The prevalence of type III HLP among apoE2 homozygotes has been estimated to be <5%.11,13,21 The higher prevalence of type III HLP among apoE2 homozygotes in the present study could be the result of an increased frequency of apoE2 homozygosity in the Dutch population. However, the gene frequency in the present study (0.6%) is very similar to that in other white populations (see review2). Alternatively, the prevalence of overt type III HLP might be higher in the Netherlands than in other white populations. Indeed, the results of the Dutch population sample revealed a prevalence of
1:900 (10 of 8888), which is comparable to the highest prevalence documented in the literature.13 There are several possible explanations for this finding. First, the high age of the participants of the Rotterdam study might contribute to the higher prevalence. However, when only the data from the population study among 35-year-old men are used, the prevalence of type III HLP is estimated to be
1:700 (3 of 2018). Second, we have estimated the prevalence in a population-based study containing middle-aged Dutch individuals, whereas the estimations reported by most other investigators have been determined in kindreds of type III HLP patients.11,21 Finally, most estimates have been reported in the 1970s and 1980s (see review13). Improved methodology for the diagnosis of type III HLP since then could have resulted in an increased frequency. More recently, a study by Feussner et al22 has shown that the prevalence of type III HLP among apoE2 homozygous relatives of German type III HLP patients is 30%, which is even higher than the prevalence estimated in the present population-based study.
It has been suggested that the expression of type III HLP is influenced by factors that either stimulate production or impair the clearance or lipolysis of lipoproteins.2 To investigate these additional factors, we have compared a large group of type III HLP patients and normocholesterolemic E2/2 subjects. The increased levels of plasma insulin in type III HLP patients together with the results of the multiple linear regression analysis clearly demonstrate that hyperinsulinemia is an important additional factor in the expression of type III HLP. This is in line with our previous findings in a smaller group of apoE2 homozygotes.20 Recently, Brümmer et al23 have compared 8 type III HLP patients and 3 normolipidemic E2/2 subjects. Their study demonstrated increased postprandial insulin levels but normal fasting insulin levels in type III HLP patients, which were most likely due to the small sample size. Hyperinsulinemia is known to stimulate VLDL production through an increased FFA flux into the liver.18,19 Hepatic VLDL overproduction in combination with a defective LDLR binding could lead to a severe accumulation of lipoproteins in the circulation and overt HLP in apoE2 homozygotes.
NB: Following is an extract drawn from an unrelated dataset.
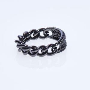 GUNMETAL ARTICULATED CUBAN CHAIN LINK ID RING WITH BLACK MICRO CZs SIGNED NWT
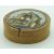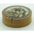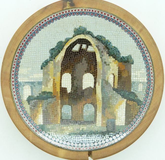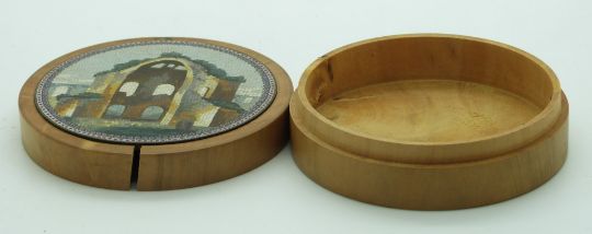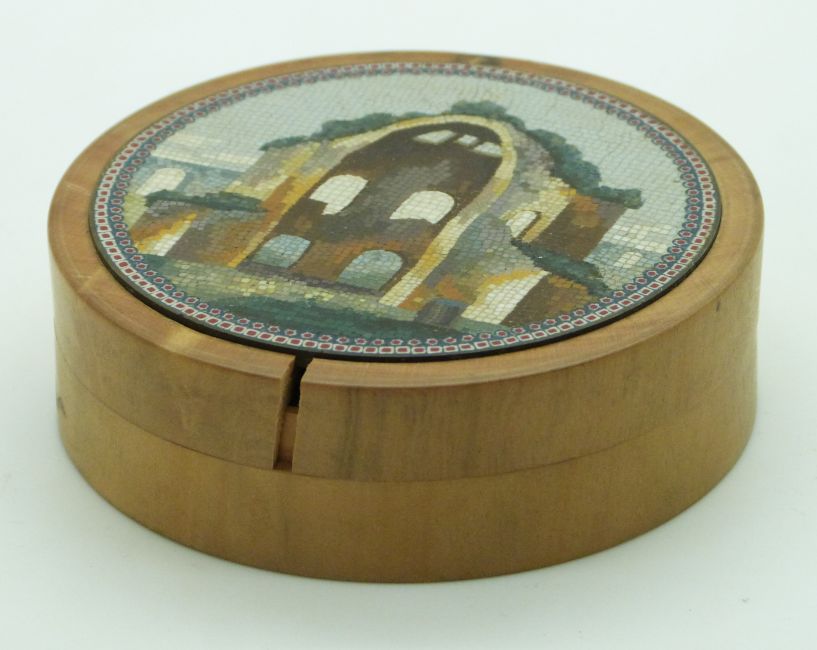 Micromosaic lidded turned wood grand tour circular patch box depicting a ruined building / abbey, the box possibly laburnum or olive wood, diameter 7.5cm, height 2.5cm

On the other hand, hyperinsulinemia could affect lipoprotein lipasemediated lipolysis, inasmuch as lipoprotein lipase may be downregulated by insulin.24
It is commonly assumed that obesity has an impact on the expression of type III HLP,2 because obesity is known to stimulate the production and secretion of VLDL.25,26 Although we found a significantly increased BMI in type III HLP patients compared with normocholesterolemic E2/2 subjects, BMI had no significant independent effect on the expression of type III HLP in apoE2 homozygotes. However, in our apoE2 homozygous population, a significant relationship was present between plasma insulin levels and BMI. Because of this correlation, part of the effect of hyperinsulinemia on the expression of type III HLP could be derived from the effect of BMI. Nevertheless, the use of BMI as a measure for obesity has some limitations: (1) subjects with a low BMI could have the same amount of fat as those with a high BMI, and (2) at different ages, subjects with the same BMI could have different amounts and distribution of body fat. The waist-to-hip ratio (WHR) might be a better measure for obesity and body fat distribution than BMI,27 because it has been found that women with a high WHR (ie, abdominal obesity) are more insulin resistant than are women with a low WHR and the same BMI.28 Unfortunately, we were unable to collect data about the WHR in our study population. Therefore, we can only speculate about the importance of a high WHR for the expression of type III HLP.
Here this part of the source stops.